Judge dismisses GP’s €60,000 compensation claim for ‘slight bump’ 

A Longford-based GP has been accused of deliberately exaggerating a “low-speed” traffic accident and of misleading a court in relation to injuries he is said to have sustained in another incident two years earlier. 
Dr Syed Shadzad Ali (64), of Lanagh, Newtownforbes, Co Longford, claimed he was “jerked forcibly forward” when another motorist collided with the side of his vehicle in the car park of his GP’s office in Longford in June 2017. The defendant’s vehicle was travelling at speeds of about 10km per hour, according to a defence expert, who called it a “slight bump”. 
 
Dismissing Dr Ali’s claim for up to €60,000 personal injuries on Thursday, Judge Karen Fergus said the GP “should have been well aware of the need for accuracy and full disclosure” in his claim “by virtue of his profession”. 
 
Judge Fergus said she was aware of the dangers of “seizing upon anomalies and inconsistencies” that can arise in evidence and the damage that can be caused “to the good name of a worthy plaintiff”. 
 
However, she said the “extent of the inconsistencies and the level of exaggeration” in Dr Ali’s claim led her to conclude the GP probably knowingly gave exaggerated and misleading evidence. 
 
Dr Ali sued businessman Eugene O’Brien at Longford Circuit Court arising out of the incident on June 7th, 2017. 
 
Mr O’Brien, accepted responsibility but argued that the nature of the impact was so minimal that Dr Ali could not have suffered the injuries, loss or damage he was claiming. 
 
‘Jerked forward’ 
Dr Ali told the defendant’s medical examiner the impact was “severe” and that he had been “jerked forcibly forward”. The medical examiner did not agree but said it was a slight bump which, in his opinion, could not possibly have caused any injury . 
 
The GP claimed he was stationary when Mr O’Brien’s vehicle reversed into his rear resulting in a “violent” jolt. However, CCTV footage showed that Dr Ali’s car was was driving slowly towards the parking space. 
 
Dr Ali stated his GP had diagnosed him with post-traumatic shock.

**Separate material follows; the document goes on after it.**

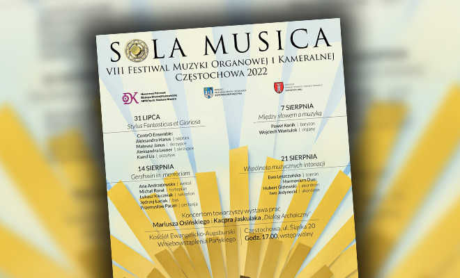 Zapraszamy na wakacyjny cykl czterech koncertów w ramach VIII Festiwalu Muzyki Organowej i Kameralnej SOLA MUSICA, które odbędą się w Kościele Ewangelicko-Augsburskim w Częstochowie.

But his GP confirmed that he did not make this diagnosis, the judge said. 
 
Dr Ali said he initially availed of paracetamol two or three times a day immediately following the incident and that he was prescribed painkillers by his GP. 
 
However, it was clear from the notes of Dr Ali’s first visit to his GP five days after the incident that Dr Ali was on Panadol due to fasting for Ramadan, the judge said. No prescription was given and the following day, Dr Ali self-prescribed a number of medications for himself, she added. 
 
Judge Fergus dismissed the case and awarded costs against Dr Ali.